Nijuman no Borei (200000 fantômes) de Jean-Gabriel Périot

 

Avec 200000 fantômes, Jean-Gabriel Périot, auteur d'une quinzaine de films et de vidéos depuis 2000, poursuit ses recherches sur l'interface de notre monde, dont l'inconscient est chargé de crimes, de spoliations et de massacres. Les courts métrages de l'auteur se déclinent en général en deux temps : la présentation d'une dynamique positive suivie des horreurs et non-dits qu'elle cache (voir We are Winning Don't Forget, 2003 et Eût-elle été criminelle..., 2005).

200000 fantômes s'inscrit dans la continuité des travaux de l'auteur tout en marquant quelques ruptures, notamment par le recours à une grande abstraction qui favorise plus la réflexion philosophique qu'événementielle. L’exposition dure, ici, très peu de temps. On voit la construction, en 1915, d'un grand bâtiment d'affaires sur un promontoire à Hiroshima. Quelques brèves images d'époque nous montrent, de manière plasticienne, des profils de la ville avec, toujours, l'édifice en ligne de mire. Puis, 1945, la fin du conflit armé et le bombardement d'Hiroshima sont montrés sous divers angles (on note la richesse du matériel d'archives utilisé par Périot qui a dû trier des milliers de photos provenant du mémorial de la ville et d'autres sources).

L’édifice sera, contrairement à tout ce qui l'entoure, peu touché. Les autorités décident de le laisser en l'état afin qu'il témoigne, dans les écorchures de la pierre, du désastre humain (et architectural) dont il a été le témoin et la victime. Il devient le A-Bomb Dome. Périot ne réalise pas vraiment des documentaires. Donc on ne visitera pas le bâtiment en touristes des désastres. L’artiste cisèle ici son matériau en numérique et nous avons un travail en épaisseur de l'image. L’écran recueille d'abord de petites vignettes centrales souvent en noir et blanc, parfois en couleur, qui se multiplient et saturent rapidement tout l'espace. Après quelques incrustations qui montrent l'évolution de la ville renaissant de ses ruines (d'abord isolé en 1945 au milieu des gravats, le A-Bomb Dome voit fleurir des constructions diverses autour de lui jusqu'à devenir un petit point perdu dans la nouvelle cité, mais toujours présent à l'image).

Une incontestable forme de beauté et de fascination se donne à lire dans 200000 fantômes.
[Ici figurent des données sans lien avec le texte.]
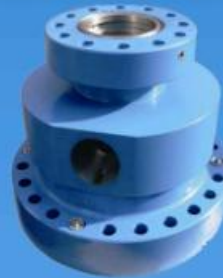
Spool 21-1/4" 5MX11" 5M

Le film circonscrit un corpus plus précis que la « guerre en général » : le devenir, essentiellement visuel, de la ville d'Hiroshima entre 1915 et 2006. Les images d'époques différentes sont imbriquées et incrustées les unes dans les autres, et nous convient ainsi à une curieuse ivresse des sens située entre destruction et reconstruction, entre entropie et renaissance.